Yes, generally n-gram-based analyses are a huge minefield. Computational linguists do use them, with a lot of caveats and careful analysis of confounding factors.
One simple one that comes to mind here is that you need to analyze to what extent changes over the period of the data set are caused by underlying societal changes, versus changes in the NYT itself; the end result will be a mixture of those two changes, some of which may be magnifying and others offsetting. The 1980 NYT and the 2013 NYT are not the same newspaper, not edited by the same people, not sold to the same readership demographics, and not soliciting the same advertisers, so it's somewhat questionable to treat it as a stable proxy for a social group.

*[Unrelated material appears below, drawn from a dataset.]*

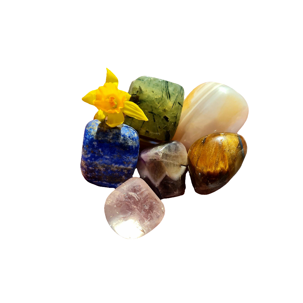 Innehåller: prehnit, lapislazuli, tigeröga, ametist, agat och bergkristall.

Another common pitfall is language change screwing up all kinds of measures (since n-gram models just work on word counts). For example, if two words are used roughly interchangeably in 1980, but by 1990 one of them has fallen out of usage, and been replaced wholly by the other one, searches for just the one word will look like the word's on an upwards trend, but it would be misleading to infer an increase in the underlying concept over the period. Of course, you can account for this by merging words into equivalence classes (most analyses will do basic stemming and merging of alternate spellings), but you have to be very careful to get all the equivalence classes (which is not a well-defined notion). Just a list of the top words in a year will tend to be some mixture of 1) top concepts; and 2) concepts expressed using only a small number of wording variations, so their count doesn't get diluted.
let me fix that for you
"This makes it possible to put numbers on our preconceived notions and play around with them."
It may be entertaining, but rigorous? I don't think so.